Friday, November 20, 2009

Civil Rights Organizations come together to call for a stronger Federal response to the jobs crisis

With unemployment among blacks at more than 15 percent, and in light of new unemployment data released for October 2009, the NAACP joined with several other groups this week to call on President Obama to do more to create jobs.

The organizations, including the Leadership Council on Civil Rights, the AFL-CIO, the Center for Community Change, the National Council of La Raza, and the Economic Policy Institute, stated that they believe the president’s $787 billion stimulus program has not gone far enough to fight unemployment. In response to the crisis, the groups held a panel discussion this week to raise awareness and suggest potential solutions for policymakers. They also issued a joint statement advocating for strong congressional action to address the crisis, starting with extending unemployment benefits, food stamps, and COBRA to meet the needs of the significant number of unemployed people facing a long road to recovery.

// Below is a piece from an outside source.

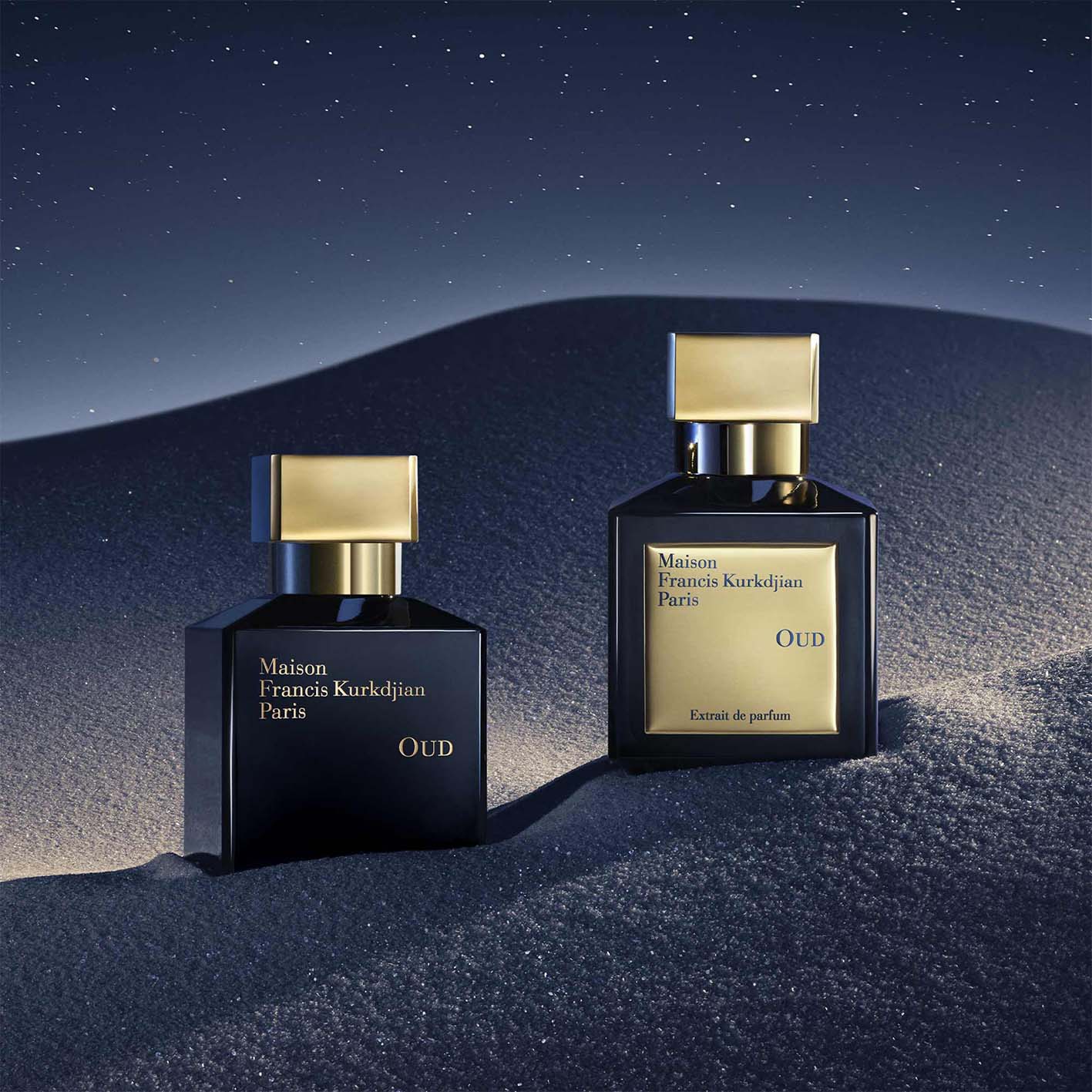 The OUD eau de parfum by Maison Francis Kurkdjian is built around the most precious of ingredients: Oud wood, dreamily imagined within a palace of sculpted gold and marble, submerged beneath a midnight blue sky filled with stars.

“It’s time for us to really stoke this issue up,” said Hilary O. Shelton; NAACP Senior VP for Advocacy and Policy. “We’re not so much trying to convince him to do something he doesn’t want to do, but urging him to move forward on an issue we have agreement on.”

Currently, nearly 16 million Americans are unable to find employment and another nine million are only able to find part-time employment, according to the EPI. And finding jobs is increasingly difficult – there are over six job seekers for each available job opening. The situation is even more difficult for workers of color. The unemployment rate for blacks has jumped to 15.7 percent, from 8.9 percent when the recession started 23 months ago. That compares with 13.1 percent for Hispanics and 9.5 percent for whites. The black unemployment rate has climbed above 20 percent in several states, reaching 23.9 percent in Michigan and 20.4 percent in South Carolina.

"Make no mistake – this is the civil rights issue of the moment," said LCCR President and CEO Wade Henderson. "Unless we resolve our national job crisis, all of our other priorities – from reforming health care and fixing our broken immigration system, to stemming home foreclosures and expanding economic opportunity for all Americans – are in real jeopardy."